### Dataset extract
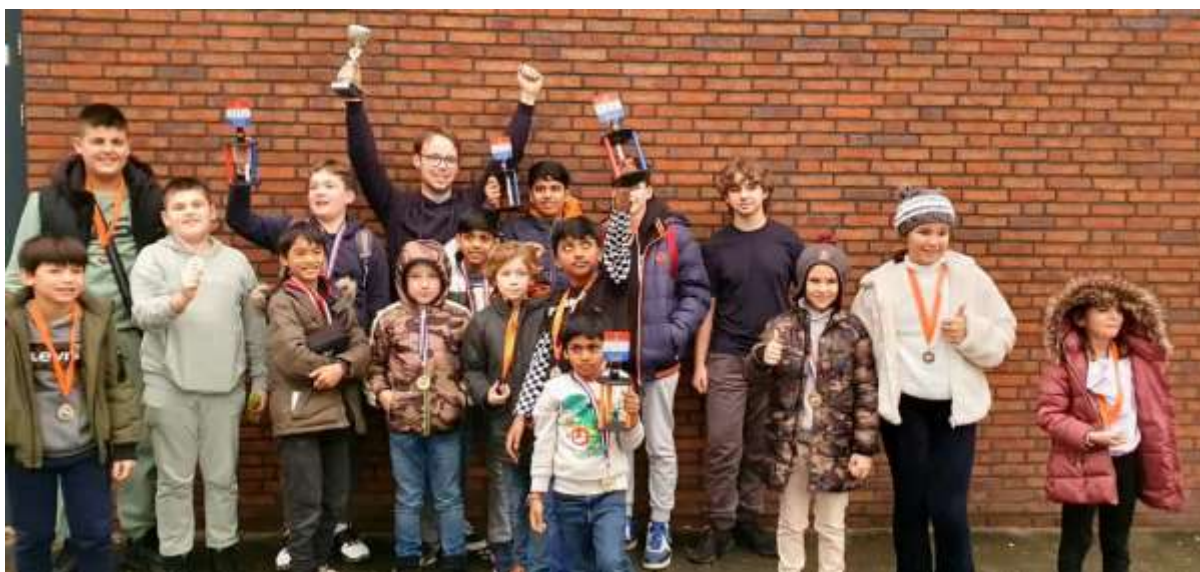
* De spelers van 'Op zijn plaats' uit Maastricht behaalden in Stein heel wat prijzen.
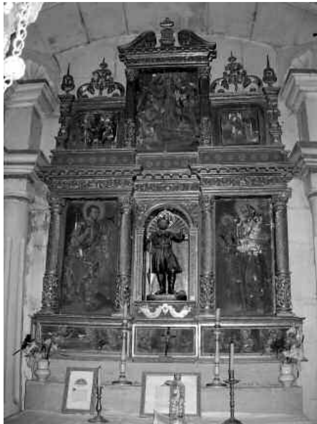
El retaule de Sant Isidre de Claret dels Cavallers.
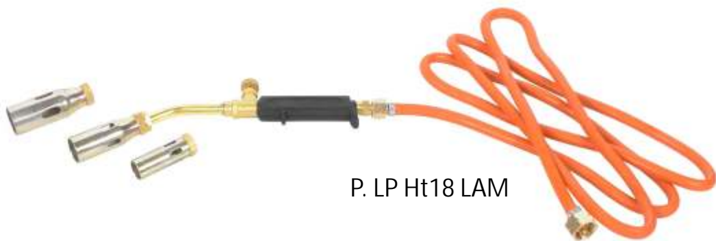
P. LP Ht18 LAM
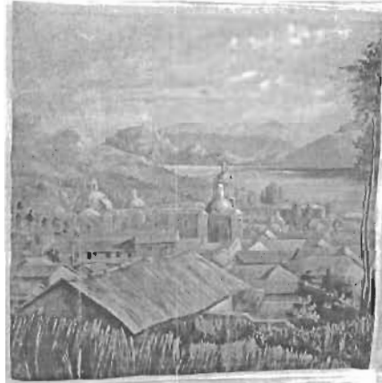
Denominación: "Santuario de Copacabana" Autor: Anónimo Técnica- Material: Óleo / Tela Época: Siglo XX Mediadas: 120 x 118 cms.

### Problem
What you hand back should match the listing exactly, except that no pictures appear.

### Exercise result
* De spelers van 'Op zijn plaats' uit Maastricht behaalden in Stein heel wat prijzen.
El retaule de Sant Isidre de Claret dels Cavallers.
P. LP Ht18 LAM
Denominación: "Santuario de Copacabana" Autor: Anónimo Técnica- Material: Óleo / Tela Época: Siglo XX Mediadas: 120 x 118 cms.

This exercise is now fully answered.